My conclusion at the moment is that is has somewhat to do with the angle from which you view the biblical narrative. Is it a story about us or is it a story about God? As a story about us, we are the main characters and we are the objects of affection. As a story about God, it is about his glory and what expresses that to the fullest extent. An understanding of libertarian free will diminishes the glory of God by placing power in the hands of the creation for its fate, undermines God’s divine decree that cannot be thwarted, destroys the necessity to pray for the lost and gives man a reason to boast.

I at one time was puzzled by many passages that tended to support a monergism reading and simply ignored them or explained them away. I found that there were many holes that I could not fill in my understanding. But since coming to a monergistic position these holes have been filled. I have also seen as I have encountered synergist is that the basis of their biblical position is based more in tradition than exegesis and they come to the text in such a way that diminishes the glory of God.
In fact most of the Arminian encounters I have had as we discussed the doctrines of grace is hostility and even anger.

In my own experience (which is informed by Scripture) and many others that I have encountered as they have moved from synergism to monergism is that they have been set free from fear and can have full confidence in their salvation and God’s ability to keep them as Scripture claims to do.

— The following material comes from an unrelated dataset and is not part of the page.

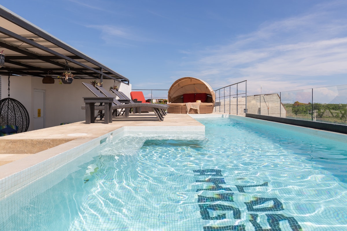 - Lóistíní ar cíos ag a bhfuil linn snámha Riviera Maya
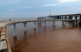 寧波港是我國國際集裝箱運(yùn)輸?shù)母删港,又是上海國際航運(yùn)中心的重要一員。根據(jù)國家規(guī)劃,上海國際航運(yùn)中心由洋山港與長江沿岸港口和寧波港三者組成,功能互補(bǔ),是上海國際航運(yùn)中心的“中心兩翼”。然而由于杭州灣的阻隔,寧波港與上海港、太倉港交通不便,不利于三港優(yōu)勢疊加和功能互補(bǔ)。 大橋建成后,杭州灣南岸的寧波、紹興和臺(tái)州等地到上海港、洋山港的距離均有不同程度縮短。寧波市港口局副局長孫時(shí)光表示,杭州灣跨海大橋的貫通,對(duì)寧波港口來講,既是機(jī)遇也是挑戰(zhàn)。孫時(shí)光認(rèn)為,從長遠(yuǎn)看,寧波港和上海港優(yōu)勢互補(bǔ)各呈所長,F(xiàn)寧波港有80多條國際航線,上海港有120多條國際航線。杭州灣大橋的貫通,環(huán)杭州灣及周邊地區(qū)的出口企業(yè),也有了更多的國際航線和更便捷運(yùn)輸路線的選擇余地。 據(jù)介紹,以往溫州、臺(tái)州一帶到上海的貨物,基本通過杭州線路運(yùn)達(dá)。杭州灣大橋建成后,每標(biāo)箱經(jīng)由杭州灣大橋要比走滬杭高速節(jié)省運(yùn)費(fèi)1500元左右。另一方面,蘇南和浙北地區(qū)的貨物流向也可能發(fā)生變化。杭州灣大橋建成后,蘇南到寧波北侖港的運(yùn)輸距離也相應(yīng)縮短了120公里,使這些地區(qū)的貨物進(jìn)出口增加了一個(gè)與上海港相類似的口岸。 而與大上海隔海相望的寧波港與舟山港,通過杭州灣跨海大橋與上海的蘆潮港相通,再通過上海東海大橋與大小洋山港相連,串起了中國長江出海口江海連運(yùn)“T”字型的黃金海岸。有數(shù)據(jù)顯示,2006年,上海港實(shí)現(xiàn)吞吐量4.7億噸、集裝箱2171萬標(biāo)箱;寧波-舟山港總吞吐量4.2億噸、集裝箱712萬標(biāo)箱。從港口吞吐量規(guī)模而言,上海港、寧波-舟山港已分別位居全球第一和第三的位置。據(jù)介紹,現(xiàn)舟山港-寧波港-杭州灣跨海大橋-蘆潮港-東海大橋-大小洋山港,已成為中國乃至世界上最大的港口群。而杭州灣跨海大橋則處在一線牽兩岸的關(guān)鍵環(huán)節(jié)。

I do not intend to be pejorative and I do not question the sincerity of anyone’s faith, but I find that Scripture explains a monergistic view from the opening to the closing pages. But with that said, what remains is a mystery as to why many Christians do not see it.

A good and timely post. I have been working thru this topic for some time.
Lately I have been reading Norman Geislers ,CHOSEN BUT FREE,a balanced view of God,s sovereignty and free will. He does make a good argument in favor of his position. I was raised up in a synergism church for most of my christian life. Around 15 years ago I looked seriously at monergism and was compelled to agree that I had been missing some vital truth. If you find pleasure in sturring up a hornets nest with your Arminian bretheran then I recomened this path. I must admit that I became overly dogmatic with my new found monergism and caused myself a certain amount of wounds. Now that I’am older and hopefully wiser I cannot but hope and pray for a more peaceful way to dwell with both camps, hence I also have now moved towards ‘compatibilism’. I will for the time being leave the scriptural proofs for the reader to discover, but if I could bring in a physical model of this reconciliation , then here it is . The Bible seems to treat this issue like a Mobeus strip . If you take a strip of paper that is say one inch by one foot ,then you clearly have a peice of paper with two sides. However if you take one end of your strip and turn it 180 degrees and then tape it to the other end of the strip you will end up with a strip of paper with only one side ! I must admit that though I can clearly see that a Mobeus strip works, I don’t know how to put into words ,how it works. It is kind of like trying to explain the color red to a blind man. Likewise I don’t know how to tell you how ‘compatibility’ works , but I’am sure it does.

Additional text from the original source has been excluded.